DVD Synopsis: The sinister supernatural forces return in this heart-pounding otherworldly thriller filled with "jolting, state-of-the-art special effects" (Leonard Maltin). The Freeling family (JoBeth Williams, Craig T. Nelson, Heather O'Rourke) settles into a new home following the annihilation of their former residence by terrifying visitors from the netherworld. But the spirits of the dead are still hell-bent on luring the family's clairvoyant daughter Carol Anne to "the other side"!

Admittedly, I ignored Poltergeist II: The Other Side when it was released back in 1986. Being such a fan of the first Poltergeist movie, I was afraid a sequel would only shit on my fond memories of the original.

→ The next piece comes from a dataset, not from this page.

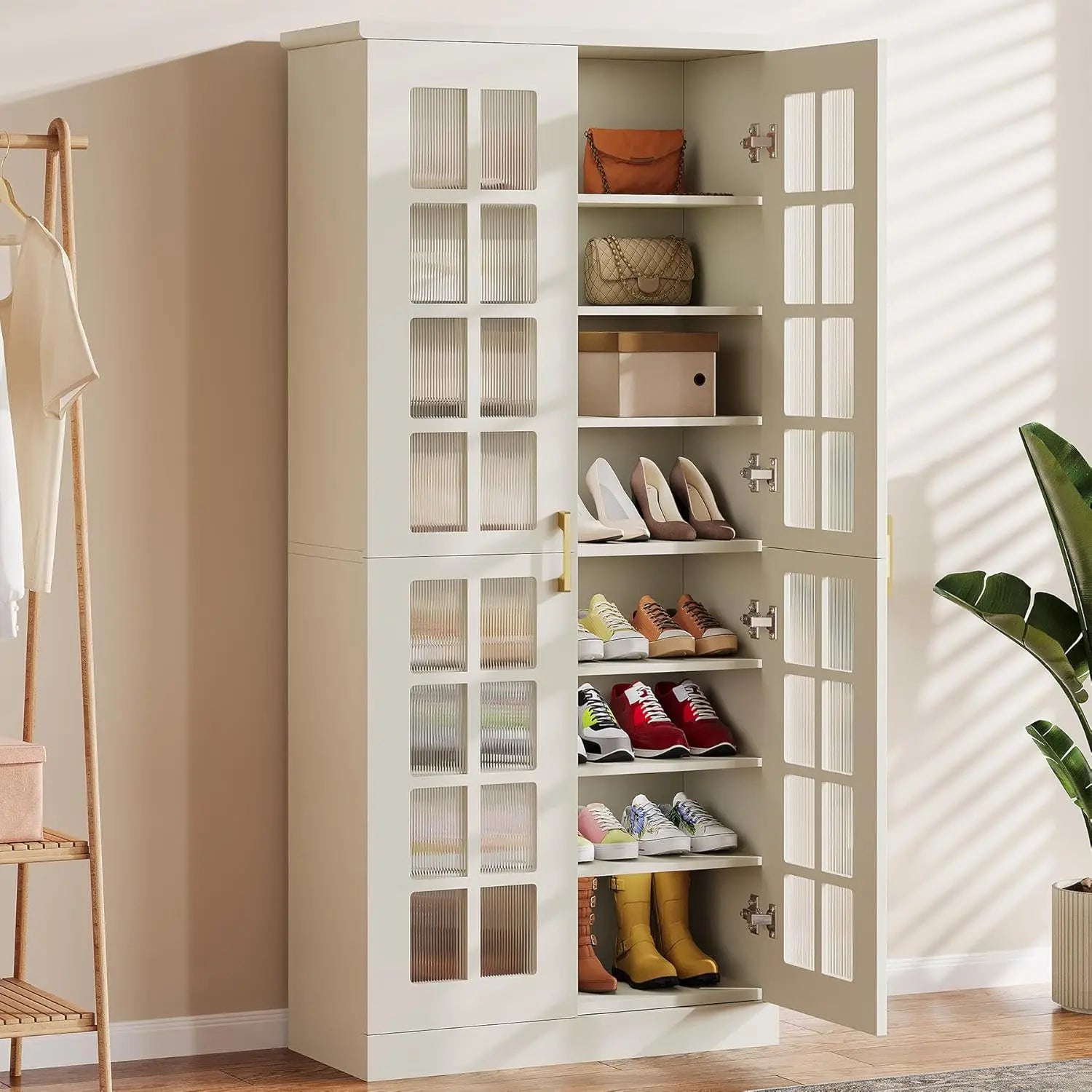 71 Inch Modern White Gold Shoe Cabinet 8 Tier Adjustable Storage Organizer

Well, turns out I had nothing to worry about. 

Most of the original cast returns, and they do a good enough job of slipping back into character (Craig T. Nelson hams it up in some of the early scenes, but does eventually settle down). What made Poltergeist II: The Other Side a worthy entry in the series, however, had nothing to do with the old; this film is all about the new, the various characters it introduces that take the story to an all new level. Geraldine Fitzgerald has a brief but effective appearance as the grandmother who sheds some light on exactly why Carol Anne is so 'special', and Will Sampson plays a Native American spiritualist who does what he can to help the Freeling family through their most recent crisis. Yet as good as these two additions are, the most fascinating (not to mention the creepiest) character in Poltergeist II: The Other Side is Kane, the evil spirit that manifests itself in the body of a kindly old preacher. Julian Beck brings real evil to the role of Kane, and steals damn near every scene he appears in. Kane gives Poltergeist II: The Other Side it's unique stamp, and in doing so transforms the film into much more than the continuation of a good story.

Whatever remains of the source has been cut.